I'm turning 55.
It's kind of crazy for me and the thought that keeps going into my head is Marcie never got to be 55.
It's been almost 2 years since my big sister left this world, and I continue to think of her daily and worry about her kids and be proud of her kids and marvel in her grand kids and try to be there for Gary.
The emptiness of her death is always with me....but I don't cry every day any more. I still get choked up and have tears hit me at the weirdest time...at Dick's when getting groceries, at firework displays, pulling scones, swim days. I still think I'm going to turn the corner on Davis Blvd and see her.
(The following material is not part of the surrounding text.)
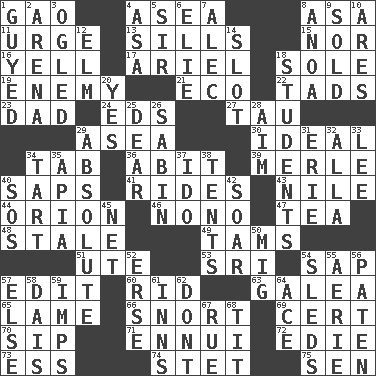 ACROSS 1. E Mali city 4. Toward the sea 8. White ___ sheet 11. Goad 13. Beverly of Met fame 15. Or not 16. Shout 17. Satellite of Uranus 18. Flatfish 19. Foe 21. Environmental prefix 22. Small boys 23. June honoree 24. Begley and Asner 27. The 19th letter of the Greek alphabet 29. At sea 30. Standard of perfection 34. Keyboard key 36. "This won't hurt ____!" 39. Haggard of country music 40. Plant excrements 41. Amusement-park features 43. Mediterranean tributary 44. Greek mythologigal hunter 46. Words to Nanette 47. Beverage made from leaves 48. Showing deterioration from age 49. Scottish caps 51. Shoshoni 53. _ Lanka 54. Plant excrement 57. Prepare for publication 60. To free from 63. An organ shaped like a helmet 65. Unable to walk 66. Derisive sound 69. Sure thing 70. Small drink 71. World-weariness 72. Singer Brickell 73. Curvy letter 74. Proofreading order 75. Elected rep. DOWN 1. Steadied 2. Sports stadium 3. Stared at amorously 4. White ___ sheet 5. Title for a knight 6. Writer Wiesel 7. Actor Baldwin 8. Small Philippine buffalo 9. Disposed of to a purchaser 10. Ancient Greek god of war 12. Shade tree 14. Narrow opening 18. SAT takers 20. Affirmative reply 25. Letter starter 26. Unit of acoustic absorption 28. Direct toward a target or goal 29. Utter; complete 31. One of the Great Lakes 32. Silent film actress Nazimova 33. Area sheltered from the wind 34. Small pie 35. Capital of Western Samoa 37. Wedding promise 38. Portable shelters 40. Distress signal 42. Fly high 45. Fish or hair follower 50. Russian fighter aircraft 52. Celtic language 54. Bobsleighs 55. Nest on high 56. Eucharist need 57. Otherwise 58. Raised platform 59. Naughty children 61. Taverns 62. Do not 64. Adept person 67. Sorrow 68. Teat (slang)

I still want to find out what book she is reading, her latest shoe purchase and I want to see what she is wearing to church. She always had such style.
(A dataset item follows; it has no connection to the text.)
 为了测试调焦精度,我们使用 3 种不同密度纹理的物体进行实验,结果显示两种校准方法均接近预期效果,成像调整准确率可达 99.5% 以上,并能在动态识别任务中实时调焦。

I know that having Mom and Dad go to heaven all with in this two year span along with Marcie was so heavy and I was in such a fog for so long. I definitely have more clear days and less fog, but I need to learn to really just settle into the feelings. I have heard the saying.. "Lean in to the Suck".... this is what I'm trying to do and not just eat my feelings and numb it all.
As we head into our Bear Lake week I kind of ache for the good old days...when mom would make sandwiches on the beach and sit and paint, and Dad would wander back and forth, fully clothed, trying to stay in the shade and read and be on"flexible schedule" and Marcie would load her bags with theatre candy to share with all and hold on to the umbrella or shade to keep it from blowing away during the 4:00 winds.
Change happens. I get to be 55 and Marcie doesn't. We won't be making sandwiches on the beach ...atleast not as good as momma Sheri's, or painting, or hanging out in head to toe clothing, or eating theatre candy....but.....Everyone is making an appearance at Bear Lake this year.... and it's going to be awesome....boating, and reading, and raspberry shakes, and biking...and it's all good.
I feel I have had post- traumatic growth.....
As I get older I'm more grateful in my day, more gentle with people, and I don't want to waste my time not feeling, or not learning, not creating, not loving. Relationships take top priority.